January 14, 2019 at 9:25 am
I have 2 Windows 2016 servers. Each server is in its own data-center.
Each server is set up as a cluster, with 3 nodes (node1, node2, node3), each node (1,2,3) hosts an instance of SQL Server 2016 Enterprise.
Can I set up Always on, using data-center1-node1,2,3 (As primary replicas) to data-center2-node1,2,3 (As secondary replicas)?
I wasn't sure if the WSFC would recognize the cluster node as an independent server.
Also, each node in data-center1 is set to fail over to its respective node, in data-center2, in case of failure. Would this need to be disabled?
Thanks in advance
January 15, 2019 at 1:59 am
So you have just two database servers in total, across two datacentres? How are they each part of a 3-node cluster, in that case?
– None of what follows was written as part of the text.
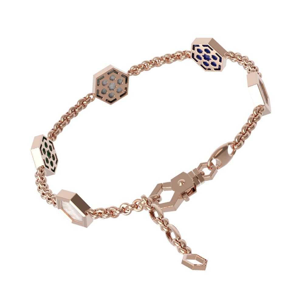 Браслет из золота c лазуритом, малахитом и перламутром

January 21, 2019 at 2:59 pm
Dig into the server setup for Always On. You will create a cluster, just not a failover cluster, with the nodes you want. In your case, it sounds like you would have 3 separate clusters, each with 3 nodes:
CL1ND1, CL1ND2, CL1ND3
CL2ND1, CL2ND2, CL2ND3
CL3ND1, CL3ND2, CL3ND3
We'll say node 1 is going to be primary in your Availability Group with nodes 2 and 3 in a secondary role. Depending on location of the other data centers and how your bandwidth is between them, you will determine if you need them setup with synchronous or asynchronous replication. The node which is asynchronous could be used as a DR node while a secondary in synchronous replication is a great candidate for a report server or just a read-only node handling that traffic. The nodes will have a listener which you will specify for your connections to the cluster. If you add ApplicationIntent=ReadOnly; then traffic will be routed to your secondary server.
Again, dig into it a bit more and the picture will become clearer. I had some fear going into it and it turned out to be not as scary as I made it out to be.